--- Entries supplied Enclosed Below ---
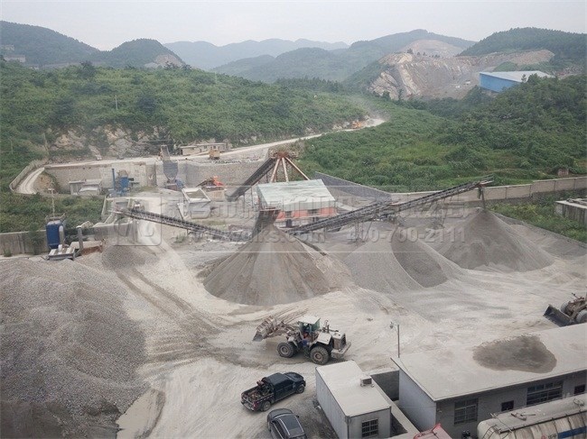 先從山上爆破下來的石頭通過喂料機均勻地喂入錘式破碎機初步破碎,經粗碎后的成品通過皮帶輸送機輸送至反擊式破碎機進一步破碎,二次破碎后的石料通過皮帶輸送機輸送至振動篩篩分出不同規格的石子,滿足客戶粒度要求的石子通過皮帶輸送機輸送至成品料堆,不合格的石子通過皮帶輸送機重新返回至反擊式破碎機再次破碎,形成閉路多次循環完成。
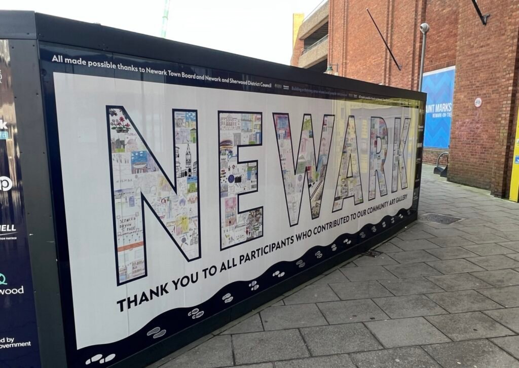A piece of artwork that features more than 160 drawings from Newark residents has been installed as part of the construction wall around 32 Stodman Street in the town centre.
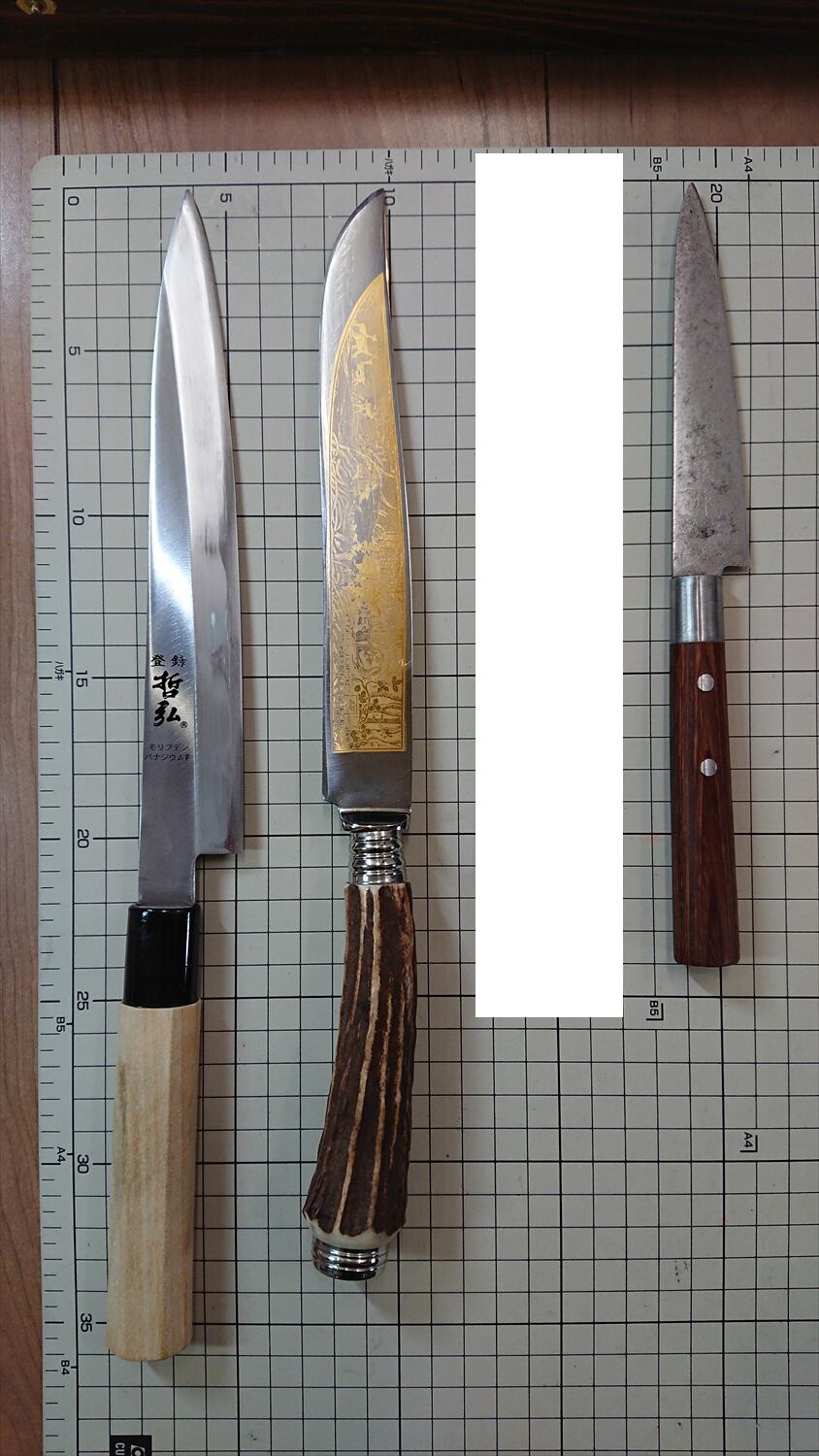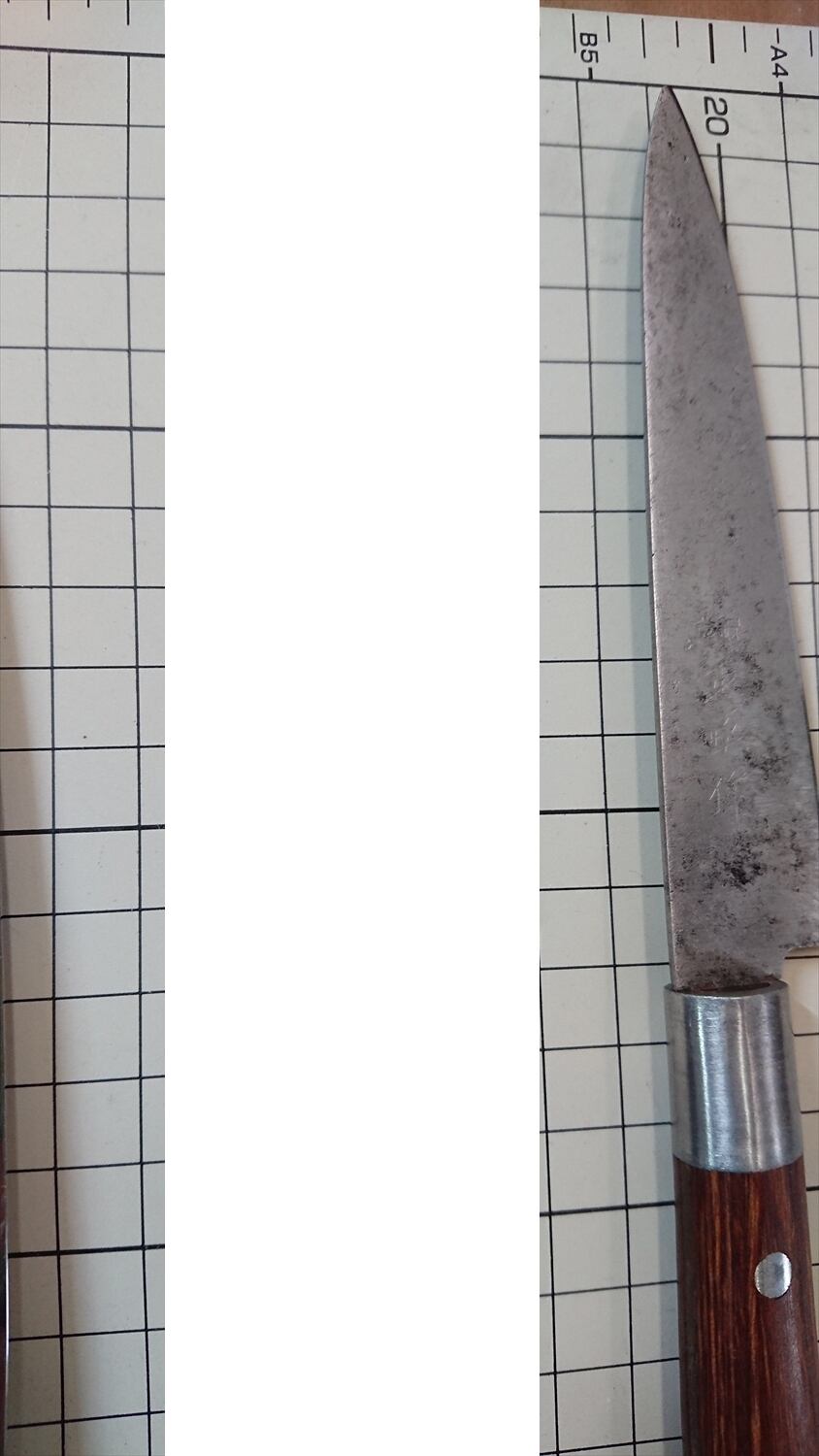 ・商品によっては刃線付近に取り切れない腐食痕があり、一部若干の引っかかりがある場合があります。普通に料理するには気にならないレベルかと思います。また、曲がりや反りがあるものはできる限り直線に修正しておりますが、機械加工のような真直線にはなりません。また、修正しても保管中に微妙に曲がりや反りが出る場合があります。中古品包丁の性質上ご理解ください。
--- End of Enclosed Entries supplied ---
--- Entries supplied Enclosed Below ---
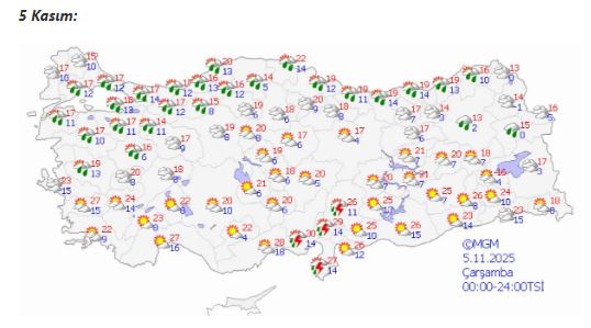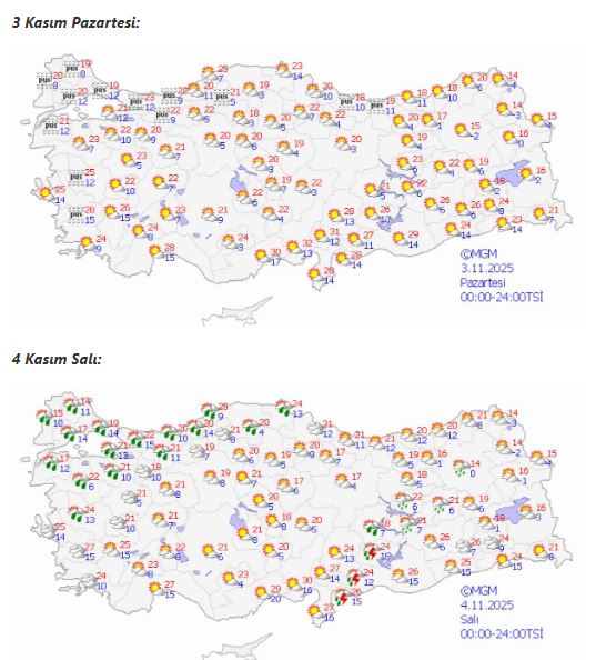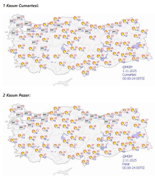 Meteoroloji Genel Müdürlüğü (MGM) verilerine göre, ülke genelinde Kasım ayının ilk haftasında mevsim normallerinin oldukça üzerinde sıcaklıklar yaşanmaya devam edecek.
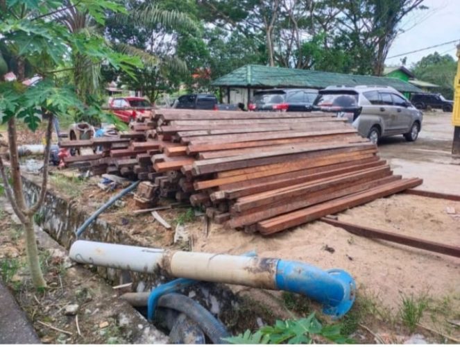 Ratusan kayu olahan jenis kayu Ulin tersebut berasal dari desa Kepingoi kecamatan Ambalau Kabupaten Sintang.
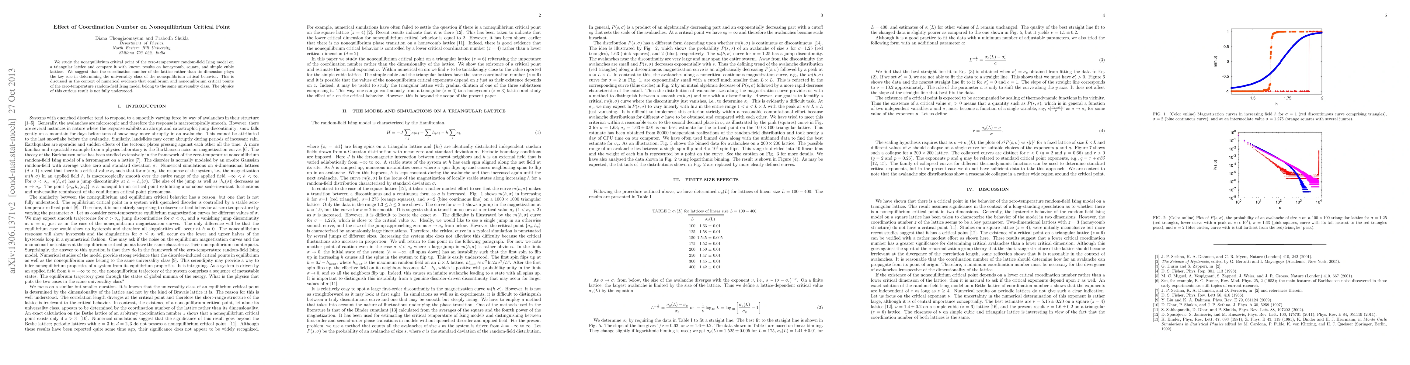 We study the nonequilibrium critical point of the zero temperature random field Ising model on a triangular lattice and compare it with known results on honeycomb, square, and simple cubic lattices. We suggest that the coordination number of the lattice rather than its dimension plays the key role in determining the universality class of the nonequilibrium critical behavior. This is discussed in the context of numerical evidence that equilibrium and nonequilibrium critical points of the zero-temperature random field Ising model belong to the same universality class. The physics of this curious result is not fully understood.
--- End of Enclosed Entries supplied ---
--- Entries supplied Enclosed Below ---
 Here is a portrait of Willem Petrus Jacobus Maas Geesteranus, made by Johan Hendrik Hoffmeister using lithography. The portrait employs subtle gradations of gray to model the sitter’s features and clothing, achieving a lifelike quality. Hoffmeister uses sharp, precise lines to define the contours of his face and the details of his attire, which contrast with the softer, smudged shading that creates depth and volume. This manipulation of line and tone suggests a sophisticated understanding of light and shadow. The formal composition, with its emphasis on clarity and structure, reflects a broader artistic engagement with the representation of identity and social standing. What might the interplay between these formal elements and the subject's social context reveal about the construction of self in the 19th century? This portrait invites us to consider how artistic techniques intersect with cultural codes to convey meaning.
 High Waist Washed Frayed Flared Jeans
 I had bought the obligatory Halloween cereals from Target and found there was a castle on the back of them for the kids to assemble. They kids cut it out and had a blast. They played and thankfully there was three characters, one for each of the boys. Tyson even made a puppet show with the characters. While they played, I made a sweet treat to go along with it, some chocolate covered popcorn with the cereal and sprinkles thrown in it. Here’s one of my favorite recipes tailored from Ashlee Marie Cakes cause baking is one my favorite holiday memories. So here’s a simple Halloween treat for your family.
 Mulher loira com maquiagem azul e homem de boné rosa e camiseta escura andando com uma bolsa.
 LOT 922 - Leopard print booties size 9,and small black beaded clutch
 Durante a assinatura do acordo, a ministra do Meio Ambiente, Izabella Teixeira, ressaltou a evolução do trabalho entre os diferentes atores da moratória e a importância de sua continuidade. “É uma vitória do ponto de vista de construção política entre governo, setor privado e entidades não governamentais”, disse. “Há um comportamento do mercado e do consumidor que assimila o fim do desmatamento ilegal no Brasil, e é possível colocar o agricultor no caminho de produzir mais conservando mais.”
--- End of Enclosed Entries supplied ---
# [Work instruction]
Please transcribe exactly the lines above from the line that has "Here is a portrait" up to and including the line that has "High Waist Washed Frayed Flared Jeans"; no other line belongs in the answer.

# [Written reply]
 Here is a portrait of Willem Petrus Jacobus Maas Geesteranus, made by Johan Hendrik Hoffmeister using lithography. The portrait employs subtle gradations of gray to model the sitter’s features and clothing, achieving a lifelike quality. Hoffmeister uses sharp, precise lines to define the contours of his face and the details of his attire, which contrast with the softer, smudged shading that creates depth and volume. This manipulation of line and tone suggests a sophisticated understanding of light and shadow. The formal composition, with its emphasis on clarity and structure, reflects a broader artistic engagement with the representation of identity and social standing. What might the interplay between these formal elements and the subject's social context reveal about the construction of self in the 19th century? This portrait invites us to consider how artistic techniques intersect with cultural codes to convey meaning.
 High Waist Washed Frayed Flared Jeans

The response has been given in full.